» Information:
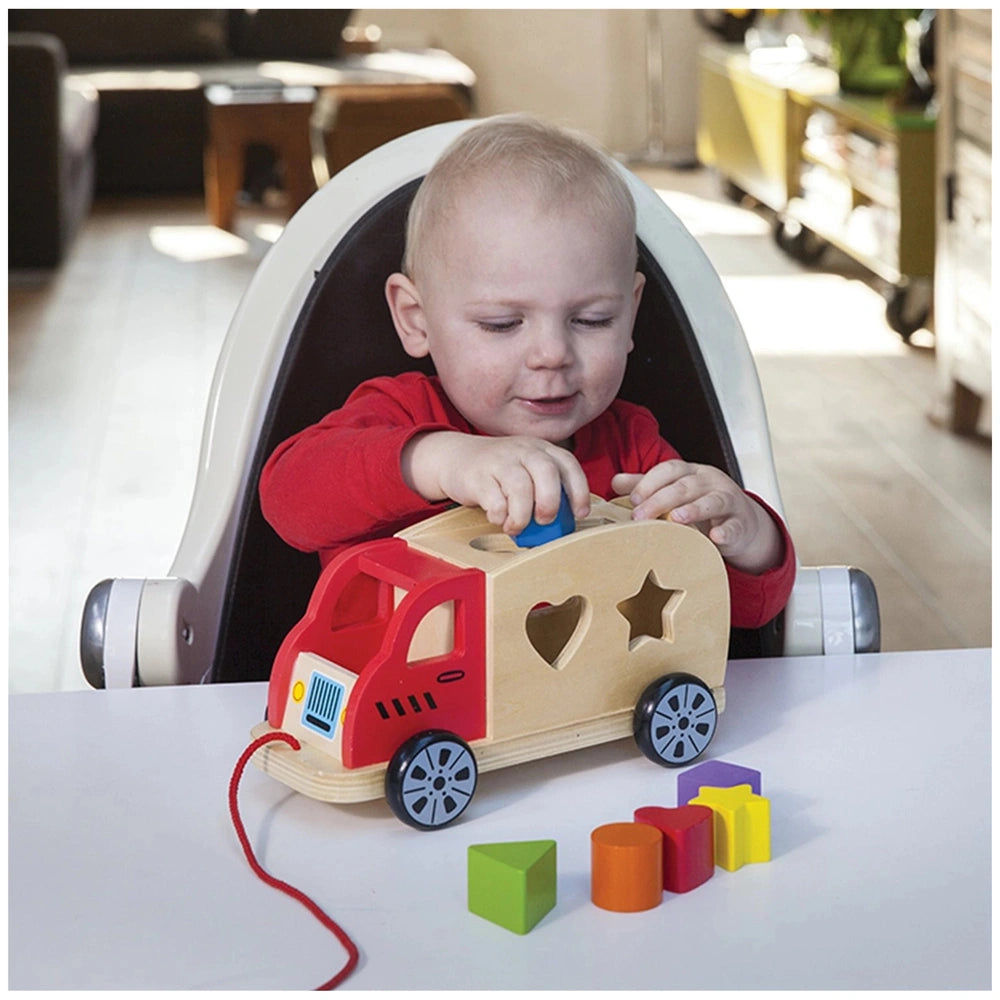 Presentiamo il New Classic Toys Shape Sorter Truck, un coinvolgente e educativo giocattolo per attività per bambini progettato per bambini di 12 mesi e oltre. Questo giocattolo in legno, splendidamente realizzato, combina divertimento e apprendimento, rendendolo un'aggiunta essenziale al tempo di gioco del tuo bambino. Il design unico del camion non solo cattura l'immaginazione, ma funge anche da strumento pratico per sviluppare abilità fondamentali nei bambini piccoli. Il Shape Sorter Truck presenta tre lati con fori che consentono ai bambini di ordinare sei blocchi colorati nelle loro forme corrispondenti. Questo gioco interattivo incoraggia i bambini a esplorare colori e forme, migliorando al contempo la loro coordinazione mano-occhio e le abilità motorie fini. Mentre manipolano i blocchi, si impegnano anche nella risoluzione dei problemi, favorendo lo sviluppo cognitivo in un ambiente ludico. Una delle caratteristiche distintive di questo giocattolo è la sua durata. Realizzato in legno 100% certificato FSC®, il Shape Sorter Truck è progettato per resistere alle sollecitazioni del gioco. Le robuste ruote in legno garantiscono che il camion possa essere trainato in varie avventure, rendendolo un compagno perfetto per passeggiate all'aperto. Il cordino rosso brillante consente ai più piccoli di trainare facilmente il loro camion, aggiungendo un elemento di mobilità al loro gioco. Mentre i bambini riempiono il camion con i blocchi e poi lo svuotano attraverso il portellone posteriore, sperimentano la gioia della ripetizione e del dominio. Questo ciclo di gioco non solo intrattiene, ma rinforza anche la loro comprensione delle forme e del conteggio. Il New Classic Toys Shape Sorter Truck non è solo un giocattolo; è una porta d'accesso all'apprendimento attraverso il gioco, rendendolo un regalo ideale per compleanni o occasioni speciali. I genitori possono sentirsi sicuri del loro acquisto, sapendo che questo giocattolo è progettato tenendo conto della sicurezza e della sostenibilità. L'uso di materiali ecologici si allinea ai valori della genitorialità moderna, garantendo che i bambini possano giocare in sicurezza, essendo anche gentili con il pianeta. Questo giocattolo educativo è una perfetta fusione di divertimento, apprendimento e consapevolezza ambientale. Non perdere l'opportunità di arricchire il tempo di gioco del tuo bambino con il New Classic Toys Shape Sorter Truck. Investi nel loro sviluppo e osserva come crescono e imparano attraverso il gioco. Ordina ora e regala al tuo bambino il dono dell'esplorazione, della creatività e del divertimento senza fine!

* * *

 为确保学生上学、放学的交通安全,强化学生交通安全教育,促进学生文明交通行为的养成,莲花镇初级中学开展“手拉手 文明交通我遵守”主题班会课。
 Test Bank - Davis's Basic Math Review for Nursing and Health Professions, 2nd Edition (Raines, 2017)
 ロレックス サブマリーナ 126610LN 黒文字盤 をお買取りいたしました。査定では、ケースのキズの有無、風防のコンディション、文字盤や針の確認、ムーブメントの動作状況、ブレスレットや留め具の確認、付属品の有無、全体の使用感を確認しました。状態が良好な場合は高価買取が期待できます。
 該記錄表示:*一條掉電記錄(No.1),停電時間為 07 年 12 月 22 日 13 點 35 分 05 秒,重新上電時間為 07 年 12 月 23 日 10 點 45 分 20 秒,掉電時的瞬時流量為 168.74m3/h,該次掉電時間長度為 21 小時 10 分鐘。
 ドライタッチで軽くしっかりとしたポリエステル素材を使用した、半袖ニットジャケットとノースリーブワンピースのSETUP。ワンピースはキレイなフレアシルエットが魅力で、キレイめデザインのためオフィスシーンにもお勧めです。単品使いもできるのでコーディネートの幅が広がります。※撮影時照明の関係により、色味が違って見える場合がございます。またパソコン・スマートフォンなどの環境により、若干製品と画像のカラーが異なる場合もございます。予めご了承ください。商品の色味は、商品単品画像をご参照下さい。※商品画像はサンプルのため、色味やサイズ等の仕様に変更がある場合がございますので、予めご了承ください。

» Problem to solve:
In the entries above, one line contains "ロレックス サブマリーナ 126610LN" and another contains "ドライタッチで軽くしっかりと". Reproduce exactly those two lines and the lines between them, nothing else.

» Solution to this problem:
 ロレックス サブマリーナ 126610LN 黒文字盤 をお買取りいたしました。査定では、ケースのキズの有無、風防のコンディション、文字盤や針の確認、ムーブメントの動作状況、ブレスレットや留め具の確認、付属品の有無、全体の使用感を確認しました。状態が良好な場合は高価買取が期待できます。
 該記錄表示:*一條掉電記錄(No.1),停電時間為 07 年 12 月 22 日 13 點 35 分 05 秒,重新上電時間為 07 年 12 月 23 日 10 點 45 分 20 秒,掉電時的瞬時流量為 168.74m3/h,該次掉電時間長度為 21 小時 10 分鐘。
 ドライタッチで軽くしっかりとしたポリエステル素材を使用した、半袖ニットジャケットとノースリーブワンピースのSETUP。ワンピースはキレイなフレアシルエットが魅力で、キレイめデザインのためオフィスシーンにもお勧めです。単品使いもできるのでコーディネートの幅が広がります。※撮影時照明の関係により、色味が違って見える場合がございます。またパソコン・スマートフォンなどの環境により、若干製品と画像のカラーが異なる場合もございます。予めご了承ください。商品の色味は、商品単品画像をご参照下さい。※商品画像はサンプルのため、色味やサイズ等の仕様に変更がある場合がございますので、予めご了承ください。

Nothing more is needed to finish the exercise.